Pourquoi arrêter ? Les bénéfices immédiats et à long terme
Arrêter de fumer présente des bénéfices mesurables dès les premières heures et qui s’accumulent sur le long terme :
- Après 20 minutes : la tension artérielle et la fréquence cardiaque commencent à diminuer.
- Après 8 à 12 heures : le taux de monoxyde de carbone dans le sang diminue, améliorant l’oxygénation.
- Après quelques semaines : la capacité respiratoire s’améliore et les symptômes comme la toux diminuent.
- Après un an : le risque d’infarctus corrélé au tabagisme diminue de façon significative.
- Sur le long terme : le risque de cancers et de maladies chroniques diminue progressivement, même si certains risques restent supérieurs à ceux des non‑fumeurs pendant des années.
Comment se faire aider pour arrêter ?
Plusieurs voies d’accompagnement ont montré leur efficacité. Choisir une stratégie adaptée à sa situation augmente fortement les chances de réussite :
- Accompagnement téléphonique ou en ligne : suivi personnalisé, conseils pratiques et soutien motivationnel.
- Consultation avec un professionnel de santé : médecin généraliste, tabacologue, infirmier ou pharmacien pour évaluer la dépendance et prescrire des traitements si nécessaire.
- Substituts nicotiniques et traitements médicamenteux : ils réduisent les symptômes de sevrage et doublent ou triplent les chances de succès quand ils sont utilisés correctement.
- Groupes de parole et programmes structurés : l’entraide et le partage d’expériences renforcent la motivation et la persévérance.
Ce que disent les experts et quelles priorités pour l’action publique
Les responsables de santé publique insistent sur plusieurs priorités : renforcer l’accès à l’accompagnement, adapter les messages aux publics les plus fragiles, intensifier les actions locales dans les zones les plus touchées et maintenir les mesures réglementaires qui limitent l’attractivité du produit.
La révision méthodologique des chiffres publiés récemment permet également d’affiner la connaissance des populations les plus exposées et d’ajuster les interventions. Les experts appellent à des politiques ciblées, prenant en compte les inégalités sociales et territoriales, et à des actions coordonnées entre acteurs nationaux et collectivités locales.
Que peut faire chacun ? Conseils pratiques pour tenter un arrêt
- Fixer une date d’arrêt et se préparer : identifier les situations à risque et prévoir des stratégies alternatives.
- Demander de l’aide : informer son entourage, consulter un professionnel et envisager des substituts si nécessaire.
- Utiliser les outils proposés : lignes d’écoute, applications de suivi, brochures d’information et programmes locaux.
- Ne pas hésiter à retenter en cas d’échec : la plupart des abstinences durables sont le fruit de plusieurs tentatives.
En conclusion
Le tabagisme reste un défi majeur de santé publique en France.

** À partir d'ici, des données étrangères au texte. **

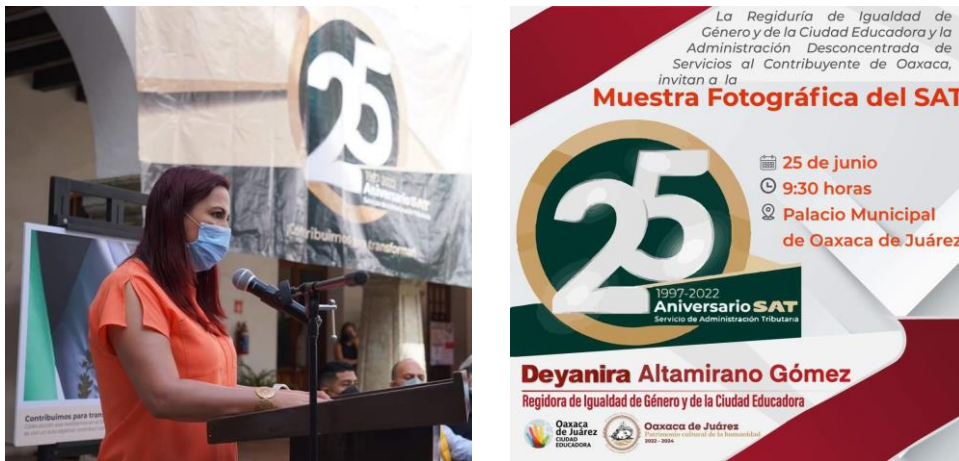
Exposición fotográfica en conmemoración del 25 aniversario del Sistema de Administración Tributaria
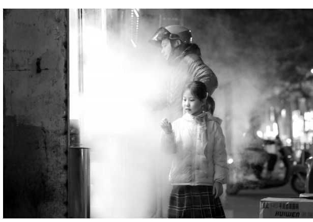
12月18日晚,赤坎百姓路一家包子铺,小女孩在寒风中等待热气腾腾的包子出炉。

Les chiffres de 2023 — plus de 68 000 décès prématurés et une part importante de cancers et de maladies chroniques imputables au tabac — rappellent l’urgence d’agir. La campagne « Devenir Ex‑fumeur » cherche à capitaliser sur la dynamique collective du Mois sans tabac pour proposer un accompagnement concret et gratuit aux personnes qui souhaitent arrêter.
Pour inverser durablement la tendance, il faudra à la fois maintenir les actions nationales, renforcer les dispositifs locaux dans les territoires les plus touchés et réduire les inégalités sociales. Chaque tentative d’arrêt est une étape vers une meilleure santé individuelle et collective.
Encadré : repères rapides
- Décès attribuables au tabac en 2023 : > 68 000 (≈ 11 % de la mortalité totale).
- Part du cancer parmi les décès liés au tabac : 55 % chez les femmes, 58 % chez les hommes.
- Inégalités régionales : Hauts‑de‑France, Grand‑Est et Corse ≈ +40 % par rapport à l’Île‑de‑France.
- Campagne en cours : « Devenir Ex‑fumeur » (16 février – 15 mars) avec orientation vers un accompagnement gratuit et personnalisé.